What needs to be done:
What you write should match, word for word, the lines from the one containing "Main Screen> Number" through the end of the data, with no pictures.

Information shown:
------------------------------------------------

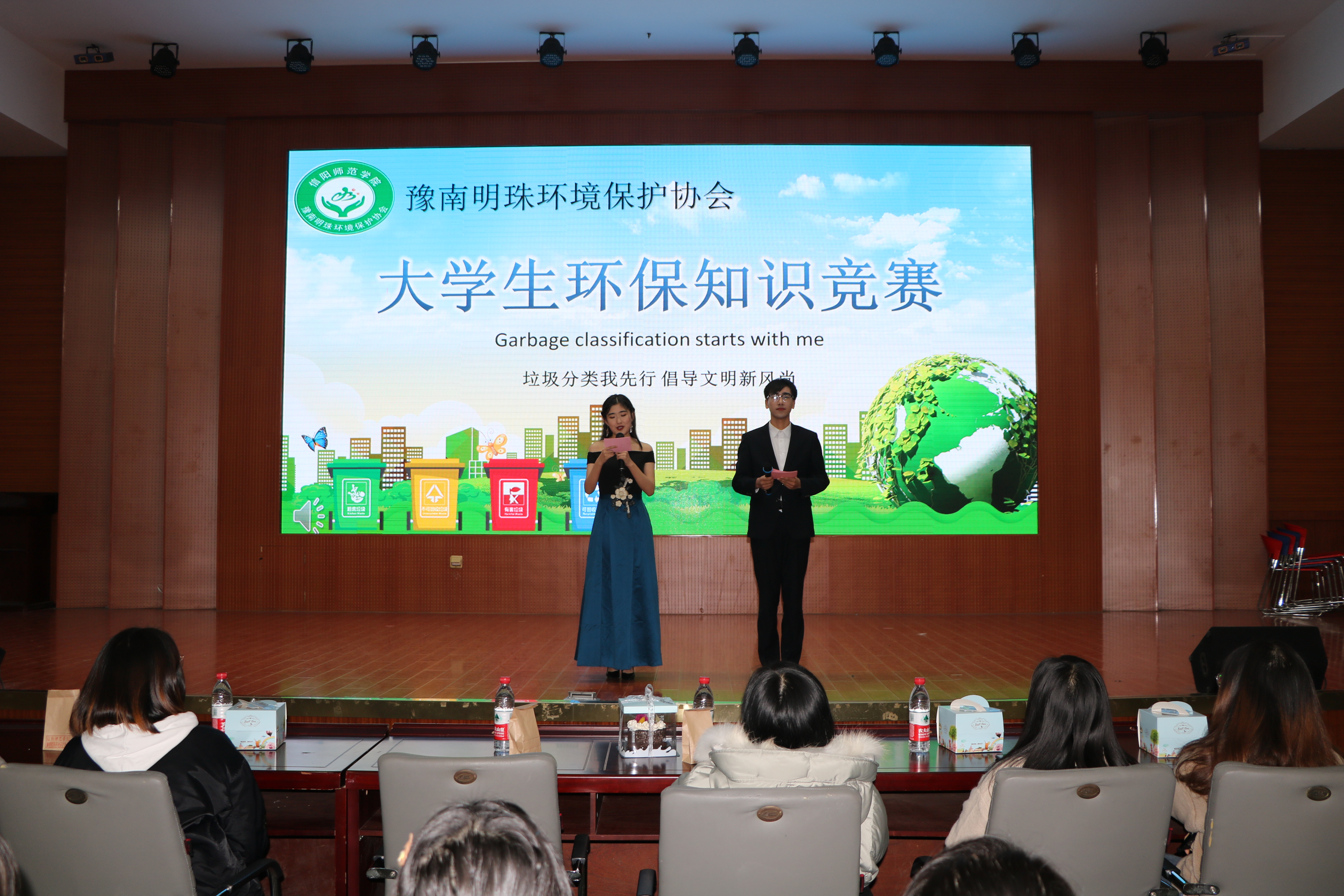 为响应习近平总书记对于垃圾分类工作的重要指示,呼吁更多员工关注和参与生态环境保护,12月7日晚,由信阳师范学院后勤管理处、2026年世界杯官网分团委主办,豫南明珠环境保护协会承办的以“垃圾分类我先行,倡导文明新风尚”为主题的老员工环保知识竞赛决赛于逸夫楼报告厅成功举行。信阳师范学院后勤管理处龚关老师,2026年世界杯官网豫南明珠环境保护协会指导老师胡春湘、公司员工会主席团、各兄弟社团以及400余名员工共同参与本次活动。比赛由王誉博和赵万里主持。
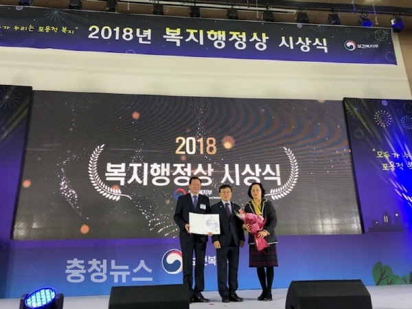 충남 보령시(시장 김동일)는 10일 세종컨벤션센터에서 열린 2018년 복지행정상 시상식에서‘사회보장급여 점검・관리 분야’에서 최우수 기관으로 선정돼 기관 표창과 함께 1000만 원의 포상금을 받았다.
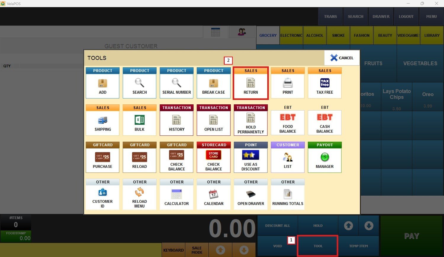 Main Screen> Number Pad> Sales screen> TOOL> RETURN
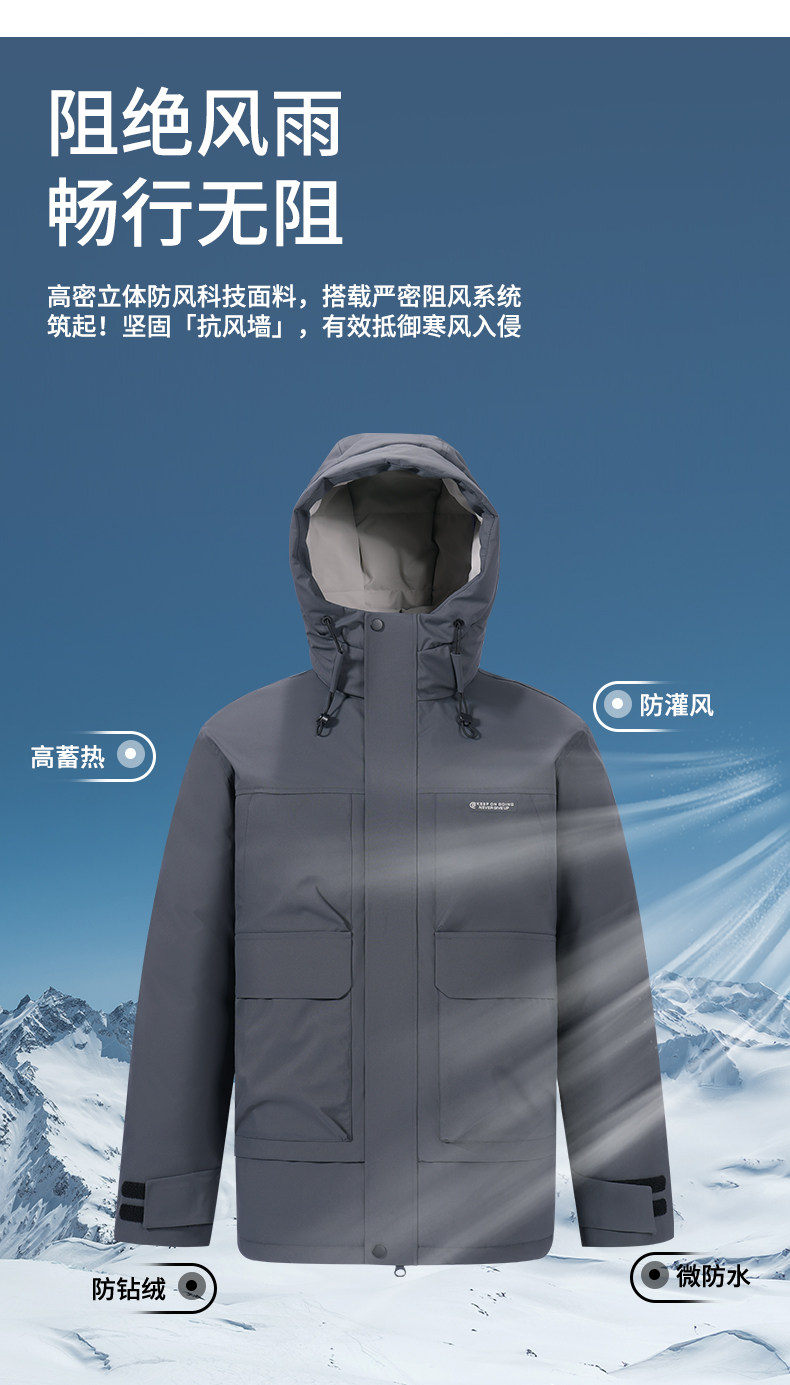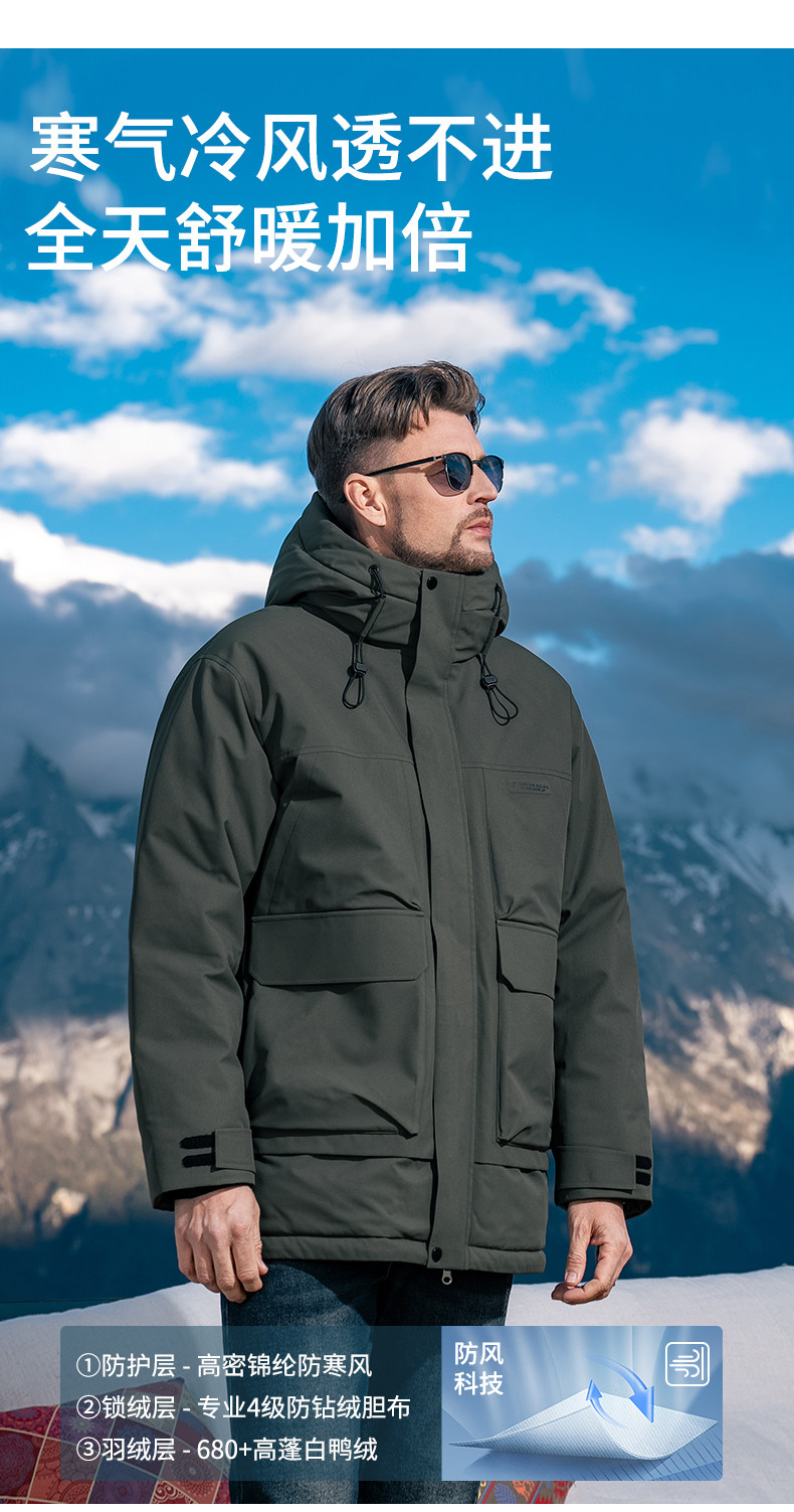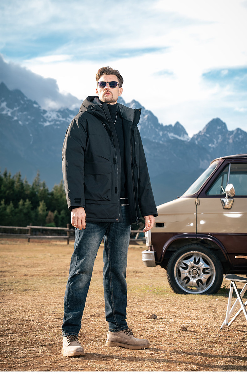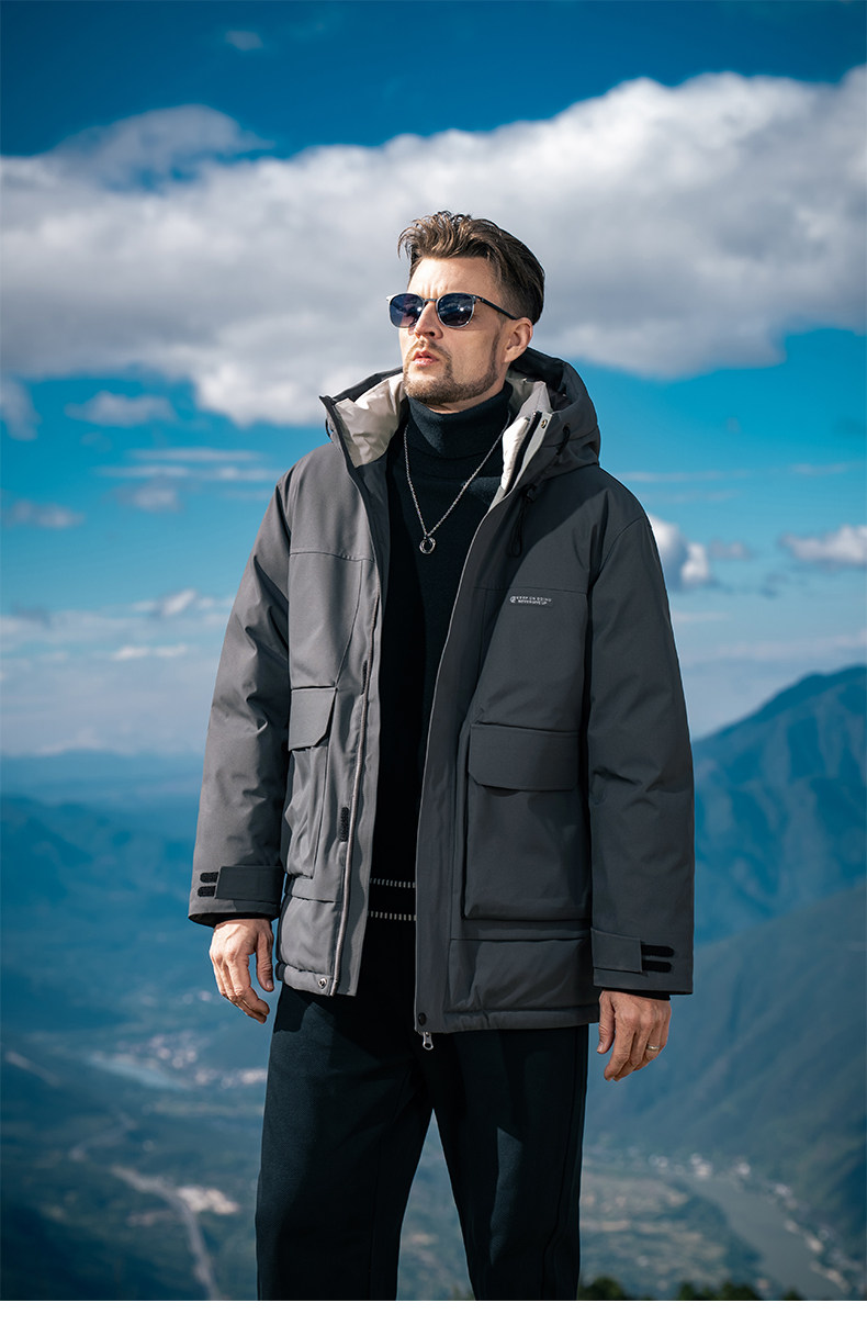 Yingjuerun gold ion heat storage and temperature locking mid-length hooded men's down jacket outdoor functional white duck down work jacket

------------------------------------------------

Your response:
 Main Screen> Number Pad> Sales screen> TOOL> RETURN
 Yingjuerun gold ion heat storage and temperature locking mid-length hooded men's down jacket outdoor functional white duck down work jacket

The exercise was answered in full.